Shannon's thoughts on communication...

• A message consists of some sequence of symbols generated by a 'source',
• transmitted through a 'channel' to a receiver.
• Is there a *most compact* way to encode a message?
• What if there's noise in the channel? What can be done so that the message still arrives, despite noise?

### Uncertainty, Information, Probability

Which statement would be more *surprising*?

1. Evan will eat turkey tomorrow.
2. Evan will eat turkey on December 3.

What are the relative probabilities of the two events?

Which statement carries more/less *information*?

1. I flipped a coin and it turned up heads!
2. I rolled a dice, and a 3 came up!
3. I rolled out of bed today, and it was snowing!
4. I rolled out of bed today, and the temperature outside was above absolute zero!

A source spits out characters...

01110010011000000101101...

CURTYWWG BNMMPTYUXXIICNWKEFVOVK SOFFDDDJKDSSCJCJFGMEWUX

LITTLE RED RIDING RAN THROU....

How much uncertainty ($H$) is there about the next character in the sequence??
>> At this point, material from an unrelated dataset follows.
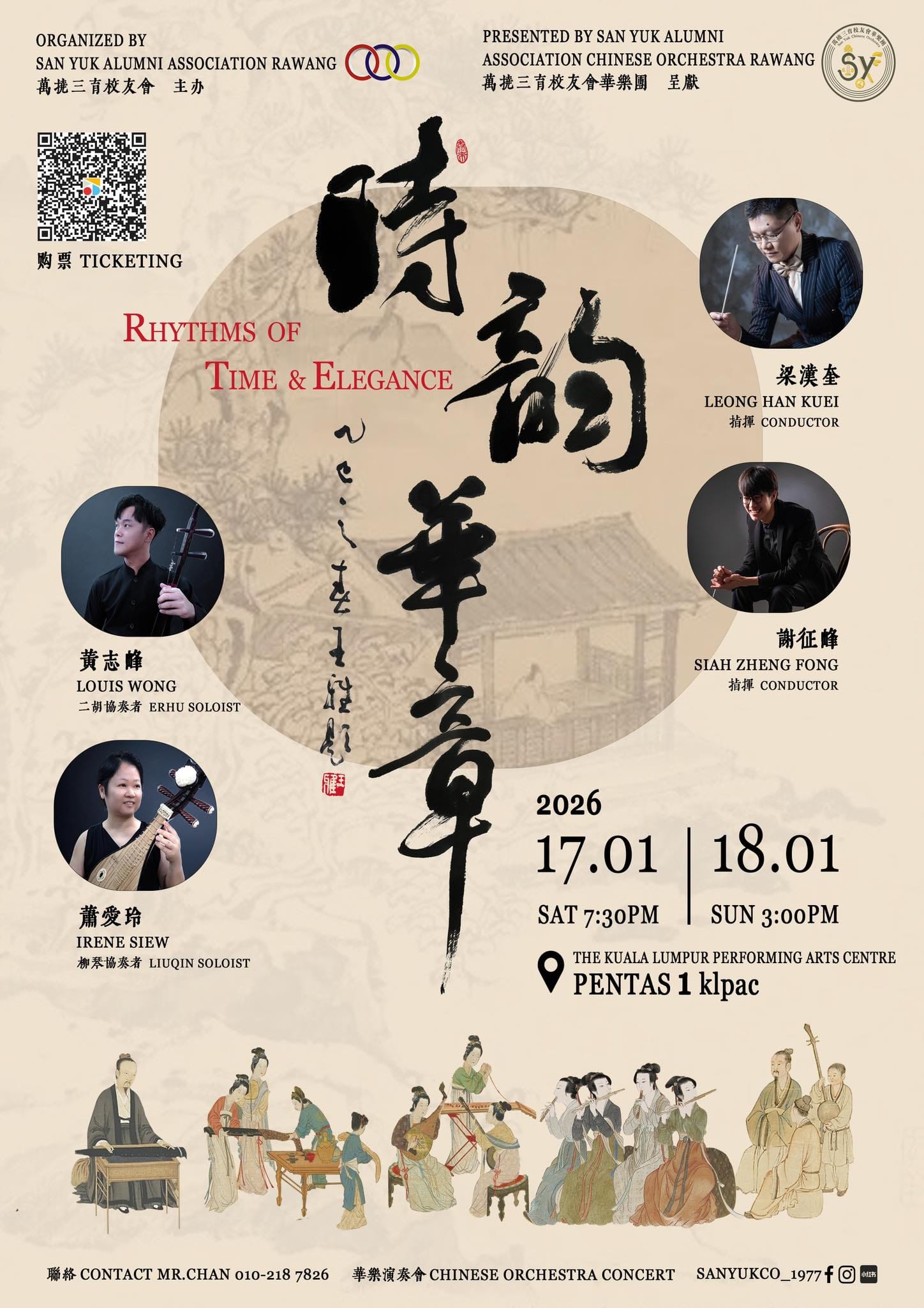 致欢迎词作为万挠三育校友会的主席,我诚挚欢迎您加入我们充满活力的社团。在这里,我们团结一心,共同传承诚信、协作和终身学习的核心价值观。我们的理事会由来自不同领域的校友组成,他们共同致力于建立有意义的联系,庆祝我们共同的成长历程,并培养下一代领导者,以确保母校的精神继续激励和鼓舞每一位踏入这里的人。让我们一起庆祝,铭记过去,展望未来,共同创造新的回忆。~ 校友会主席锺少安万挠三育校友会《三育心•校友情》 情系56周年 『再聚首•忆当年』暨 万挠三育华文学校 2025年 教师节—联欢晚宴— 查看 晚宴详情华乐演奏会 《時韻華章 Rhythms of Time & Elegance》万挠三育校友会华乐团 举办 《時韻華章》 华乐演奏会,尝试从不同角度呈现华乐色彩,汇集室内乐、器乐交响、流行曲目及协奏形式,充分展现华乐乐器全面性。🗓️ 17/01/2026 (星期六) 7.30PM🗓️ 18/01/2026 (星期日) 3.00PM📍Pentas 1, The Kuala Lumpur Performing Arts Centre (klpac)优惠及团购 请查看:Facebook 帖文 购票 链接 活动通告召开 2025年度 常年会员大会 暨 颁发会员子女奖助学金仪式日期:2025年8月3日 • 时间:早上10点 • 地点:校友会会所(B座)查看详情2025年度 会员子女 奖助学金正式接受申请 • 截止日期:2025年7月15日查看详情 活动直播 回放 林水檺教授《中国古典诗词欣赏》讲座会系列 — 第四堂课 Now Playing林水檺教授《中国古典诗词欣赏》讲座会系列 — 第四堂课 Now Playing林水檺教授《中国古典诗词欣赏》讲座会系列 — 第三堂课 Now Playing林水檺教授讲座会 《中文诗词欣赏》 第二堂课 (Part II) Now Playing林水檺教授讲座会 《中文诗词欣赏》 第二堂课 (Part I) 活动 通告 Jan 17 January 17, 2026 @ 7:30 pm - January 18, 2026 @ 10:30 pm 《時韻華章》华乐演奏会 KLPAC Organizer: 万挠三育校友会华乐团 Jan 25 2026(丙午)年 拿督斯里曾繁荣杯 揮春公开赛 View Calendar

Summarizing Carter, 20.1-20.3:

The uncertainty of a set of possible outcomes with probabilities $\{p_1, p_2, p_3,....\}$ is $$H=-K\sum_i p_i \log_2 p_i$$ where $K$ is a positive constant.

This is also the amount of information contained in a report of which outcome actually occurred.

With $K=1$ the units of information are bits (=Binary digITS).

In what follows, use the change of base formula... $$\log_2 x = \ln x / \ln 2.$$

Trying to make this plausible, calculate $H$ for a few possible-to-calculate situations:

1. Certain events: Flip a two-headed coin, and you find a typical sequence to be...

T,T,T,T,T,T, [99 years with no change] , T,T,T,T.... What is the next symbol in the sequence? What is $H$?
2. One decimal digit: How many bits in a decimal digit?

3. Fair coin tosses:

H,T,T,H,T,H,H,H,T,T,H...
4. Eight-sided dice:

1,3,1,4,8,7,6,8,2,...
5. Loaded dice: with sides 1,2,3,2,4,2,8,2, should have *less* uncertainty than a fair dice, right??
6. 26 letters plus space?
7. Coins again: What is $H(x)$ for a coin with probability $x$ of H, and probability $1-x$ of T? [Graph]